A este baile, además, se le añaden algunos elementos religiosos, como por ejemplo, el Oficio de Tinieblas de Semana Santa. En él no suena ninguna campana por la pasión y muerte de Cristo, por lo que utilizará nuevos elementos que no quiere adelantar de momento.

Urbeltz basa sus ideas en el Corpus de Oñati. Según dice, las caretas que portan hacen que se parezca a una fiesta corpus colombiana por su carácter barroco. Asimismo, integrará un zortziko que se baila en la localidad, el zortziko de San Miguel, para hacer referencia a este símbolo que, según el catolicismo, era el encargado de pesar las almas.

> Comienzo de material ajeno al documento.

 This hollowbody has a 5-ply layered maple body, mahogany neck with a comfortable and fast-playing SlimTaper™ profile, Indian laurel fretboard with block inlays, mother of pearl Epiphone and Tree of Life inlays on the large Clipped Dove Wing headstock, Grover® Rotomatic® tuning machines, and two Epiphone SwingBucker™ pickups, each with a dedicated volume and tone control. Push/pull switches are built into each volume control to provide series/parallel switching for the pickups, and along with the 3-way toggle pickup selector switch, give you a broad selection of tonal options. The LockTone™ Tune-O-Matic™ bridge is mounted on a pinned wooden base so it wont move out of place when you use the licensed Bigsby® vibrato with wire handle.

Su intención era iniciarlo con San Miguel como «alguacil celestial» que abre la danza y dirige a los demás, pero el traje es muy costoso y lleva mucho tiempo. «Tendría que ir a Oñati, fotografiar su armadura, llevarla a un taller de Toledo para que me lo hagan... y no me daría tiempo de tenerlo preparado para diciembre».

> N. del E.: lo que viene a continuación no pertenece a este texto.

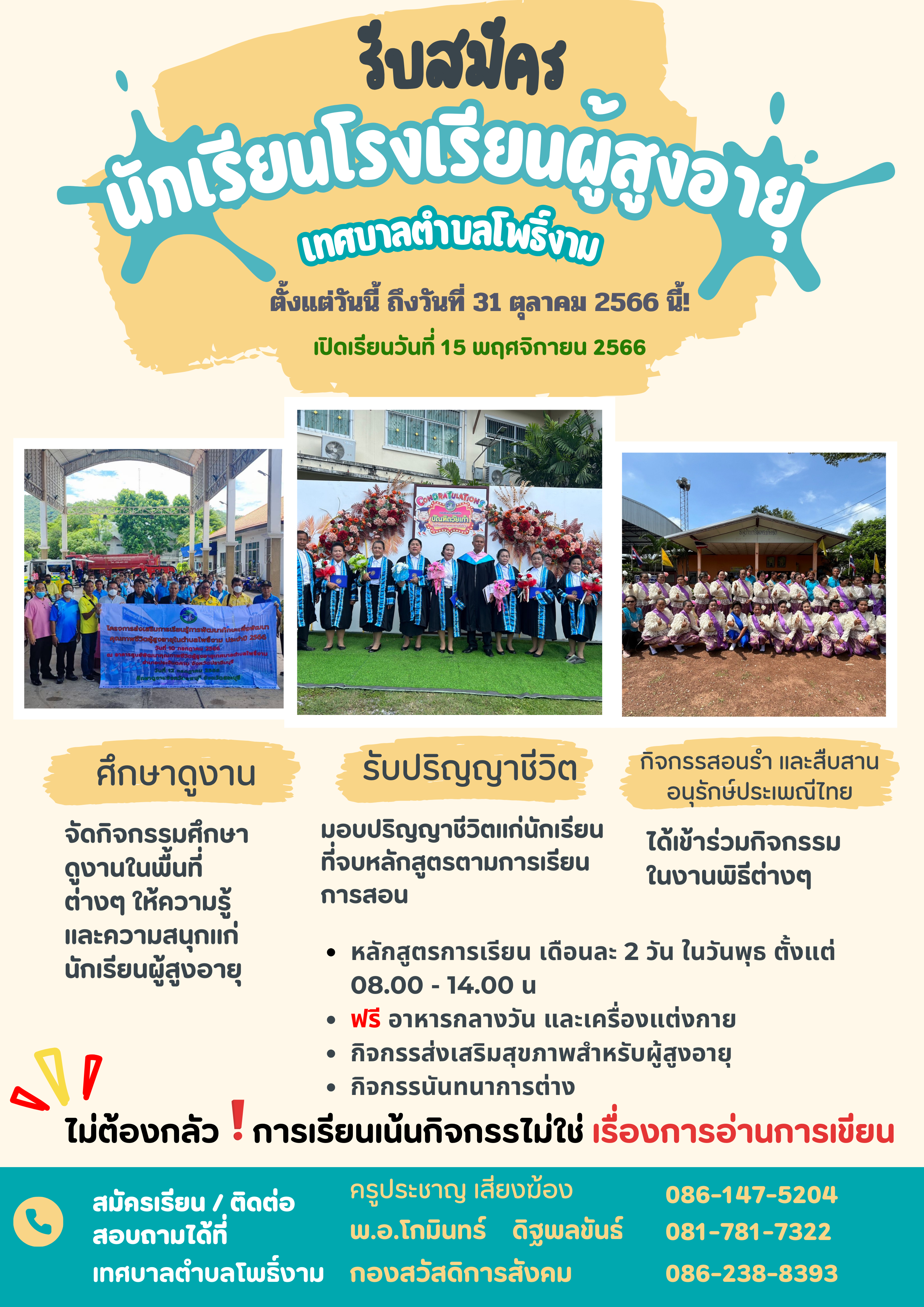 ชื่อเรื่อง : ประชาสัมพันธ์การสมัครเข้าเรียนโรงเรียนผู้สูงอายุเทสบาลตำบลโพธิ์งาม รุ่นที่ 3/2566

Emotividad desde el inicio

Este menú de variedades folklóricas se iniciará con un baile «muy emotivo», como es el «Irradaka». Este es otro de los bailes recuperados o reestrucutrados por Urbeltz en 1987. Tras un exhaustivo trabajo de campo, recogiendo datos, melodías, movimientos e historias, ha creado este baile cantado. «'Irradaka' son unos bailes para chicas, un género folklórico que no se recogió a su debido tiempo y quedó en Barranca Burunda», explica. Varias décadas atrás, los chicos comenzaban a una edad más temprana que las chicas, hacía los 16 años (las chicas no empezaban hasta los 18-19), a aprender bailes tradicionales en agrupaciones que normalmente se conocían como Lagun Artea. Para las chicas que tenían catorce, quince o dieciséis años estaba el «Irradaka», que bailaban tomándose de las manos y se cantaban a capela una serie de versos. «Baninduaien kantatzera / oro gezurren erraitera / zaldi txuri bat ikusi nuen / Sevillarik Baionara. / Nik ere begiz ikusi dut / xagua gitarra joten / arratoin bat / saltua gora / katua argi egiten». «Mi mujer -recuerda el folklorista- recogió cuatro melodías, las miramos, las ordenamos y de ellas nace una propuesta de una emotividad total». En este espectáculo se formarán dos corros con 32 mujeres, dieciséis en cada uno, que abrirán la función y se cerrará con «Jaurrieta», también interpretado únicamente por dantzaris femeninas. Esta vez también habrá sólo doce chicas en el escenario, tal y como se hizo en su estreno hace cuatro décadas, cerrándose así el círculo.

Entre estos dos, Urbeltz colocará algunas danzas distintas de recuperadas de otros espectáculos y sus dos nuevas creaciones, con los caballitos de carnaval y el «Aurresku de los Apóstoles de Jorge Oteiza».